Having reached 6 months of working at Lyft, it seems a good time to share why I joined and how things are going.
Back in December, as my year long consulting project at a global pharmaceutical company was scheduled to wrap up, I got a call from a Lyft recruiter, asking if I would consider taking responsibility of the company’s applicant tracking system. My independent consulting practice had focused on applicant tracking systems projects, so I appreciated the call, but would I consider a full time, in-house staff position? Normally, I would have immediately declined. Without any warm project leads in hand yet, I proceeded to interview with Lyft.
I was already aware of Lyft’s warm and fuzzy brand, but it was during my interviews that I learned how large and rapidly the company was growing in employee population size. It seemed Lyft was entering the realm of storied, emblematic Silicon Valley tech employers, particularly those of the FAANG cohort, with decades long reputations for epic hiring campaigns and respected recruiting teams. Better still, among current major tech brands, Lyft had mostly avoided controversy, especially when compared to its primary rival.

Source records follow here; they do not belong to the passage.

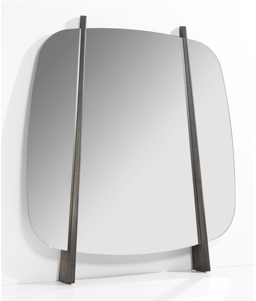
GONG H. 200 - L. 190 - P. 30 H. 78 3/4" - W. 74 3/4" - D. 11 7/8"
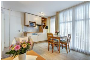
Küche, Wssen, Wohnen

1. Reihe, direkt an der Strandpromenade mit SÜDBALKON! FAHRSTUHL im Haus! Schönes 2-Zimmer-Apartment mit moderner guter Ausstattung. Separates Schlafzimmer (mit Fernseher), Wohnzimmer mit Küchenzeile mit Essplatz, Duschbad, Balkon zur Südseite mit Sonne bis abends. Die Wohnung verfügt über einen Pkw-Stellplatz. In der Garage können auch Fahrräder und ähnliches untergestellt werden. Von der "Villa Aquamarina" aus können Sie das Ortszentrum und die bekannte Ahlbecker Seebrücke in ca. 3 Minuten zu Fuß erreichen. Zum Strand sind es 50 m.
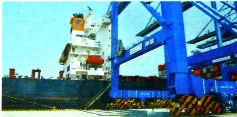
LAS EXPORTACIONES de sectores no minero-energéticos mostraron buen comportamiento en septiembre de este año.

También se destacan los insecticidas, cuya facturación externa
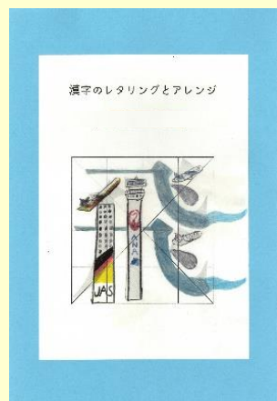
〔漢字のレタリングとアレンジ〕

岡山県の川崎医科大学・川崎医療福祉大学主催の第27回全国院内学級絵画展覧会で、いるか分教室2名、病院訪問つばさ学級4名が入賞しました。その中から2名が佳作に選ばれました。展覧会の作品は、Web上で公開されていますので、ぜひ検索してみてください。
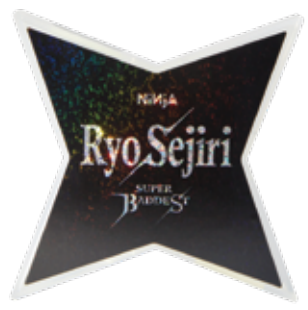
Ryo Sejiri sig. (SUPER BADDEST) ¥4,180 (with tax)
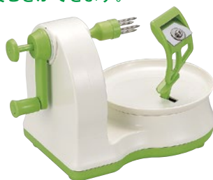
⑯ くるくるリンゴの皮むき KP-691 145×210×H145mm ¥3,400
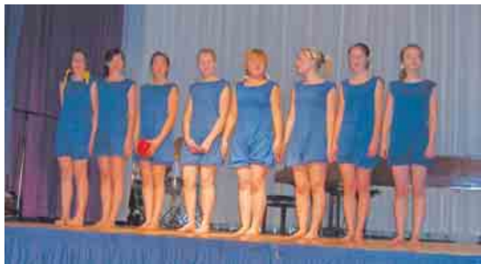
”A-sonaatti kahteen ääneen...” eli ajankuvia koulunkäynnin arjesta eri vuosikymmenten varrelta. Tässä 1950-luvulta tyttöjen voimistelutunti. Opettajalla oli tamburiini, ja kaikki näytti kovin tutulta myös 1960-luvulla koulua käyneen mielestä.
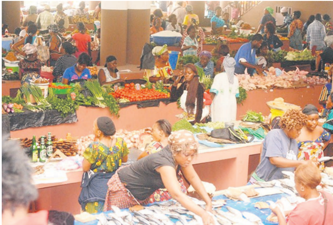
Le nouveau marché Total à Bacongo, 2 e arrondissement de Brazzaville-DR

Certains secteurs représentent de véritables opportunités. C'est le cas de l'agro-industrie. Mais « elles sont nombreuses », a dit Arnaud Floris. « Mais le secteur agro-industriel implique non seulement la production mais aussi tous les aspects relatifs au développement, une filière agroalimentaire qui va de la sélection des matières
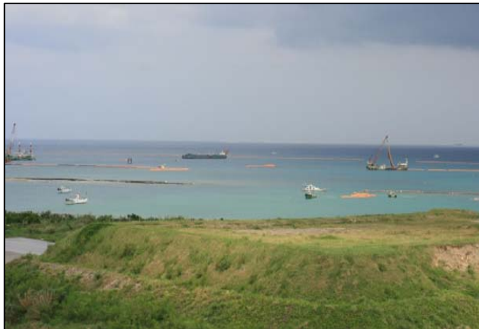
③-B 平成26年8月 浚渫工事・護岸築造工事
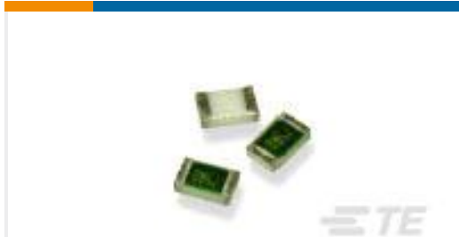
TE 产品编号3-1879215-0 CPF 0402 8K25 0.1% 25PPM 1K RL
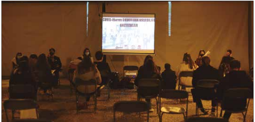
Ostiral arratsaldean Askatasuna plazan elkartu ziren, eta talde txikitan aztertu zuten gai bakoitza.

Azken bi egunetan egindako hausnarketekin amaitzeko, erantzukizunak hartzeko eskatu zuten eta gazteen bizi proiektuek izan dituzten eta oraindik ere izaten ari diren eragin negatiboak amaiara emateko eskatu dute beharrezko laguntzak emanaz.

Independent consulting for over 6 years allowed me to make a satisfying impact with many clients and grow my expertise from working in so many corporate recruiting environments. Being my own boss also afforded me some personal flexibility to spend quality time with my family. Was I really ready to go back in-house?
The specified work at Lyft was on target to my expertise and I had confidence I could succeed in the role. It was when I realized that this would be a pivotal learning opportunity that my choice became clear. The chance to partner with a recruiting team an order of magnitude larger than I had ever worked with, to work closely with and learn from some of the best Workday HCM and Tableau BI analytics practitioners, and to have my expertise impact an impressively high volume and fast paced recruiting operations, were all serious considerations.
An even bigger factor was the opportunity to learn the Greenhouse platform hands-on in one of its most demanding settings, after having spent over a decade deep within the Jobvite ecosystem. (I am often asked how long I had used Greenhouse before becoming in charge of it at Lyft. Most are stunned when I say I was hired without ever having touched it!)
What sealed it for me was my onsite interview experience, which was the most organized and welcoming I had ever experienced (I’m well aware of how difficult it is to consistently deliver such a candidate experience). Meeting my potential new manager and colleagues was wholly compelling.
I started at Lyft in mid-February and appreciated the time and space given to let me ramp up with Greenhouse, Lyft’s Talent Team, and the company. My new hire orientation involved 60 other new hires and a strong emphasis on the critical importance of Lyft’s drivers to the business. Even though my role does not directly involve drivers, I was given a clear perspective of how everyone’s work affects what drivers experience and how they are central to the company’s success. Further, the first of Lyft’s three core values, Be Yourself, really resonated as someone not looking to compromise my perspective or priorities while joining a large corporation.
In taking charge of Greenhouse, I learned how its product design was very similar to other competing platforms, as well as how it differs. We all know there is no perfect system and they all have strengths and weaknesses. I also learned how it had already been implemented at Lyft to impressively support a recruiting operation that hires hundreds of new employees every month. I began to take inventory of improvements needed in the system configuration and the business practices involved.
With Lyft’s IPO in late March, I was asked to be a project’s key contributor to help prepare the company’s operations for an important process change. It felt great to provide expert advice at the beginning of the project and to execute the system changes on schedule. This was my first experience with an IPO. I had prior experience at both pre-IPO and post-IPO employers (from which my advice was based on), but never the actual IPO.
My role is on the People Analytics Technology Strategy team, which includes Workday and Tableau practitioners, and I work closely every day with stakeholders from throughout the 250+ member Talent Team. Having prior career experience as a tech recruiter, a college recruiter, and as the head of global recruiting at a handful of Bay Area software companies, I believe I bring an understanding to the business processes that Greenhouse supports, as well as an empathy to the recruiters who come with many questions and concerns, often with the urgency of a candidate offer to be made or a hiring manager who needs prompt answers.
There is much still to do with scaling up Lyft’s recruiting systems, setting up integrations between internal and third party systems, and driving user adoption and training. As we support the company’s ambitious growth plans, we also have a shot at building a world class, reknown recruiting operation with some of the most innovative systems practices.
Many thanks to my manager for offering me the job, to the Lyft recruiter who found me online, to the recruiting coordinator who organized such a welcoming onsite interview, to the TalentOps and PATS teams for ramping me up, to the entire Talent Team for putting their trust in me, and to the company as a whole for being a place of rapid growth and evolution. I am grateful for the opportunity.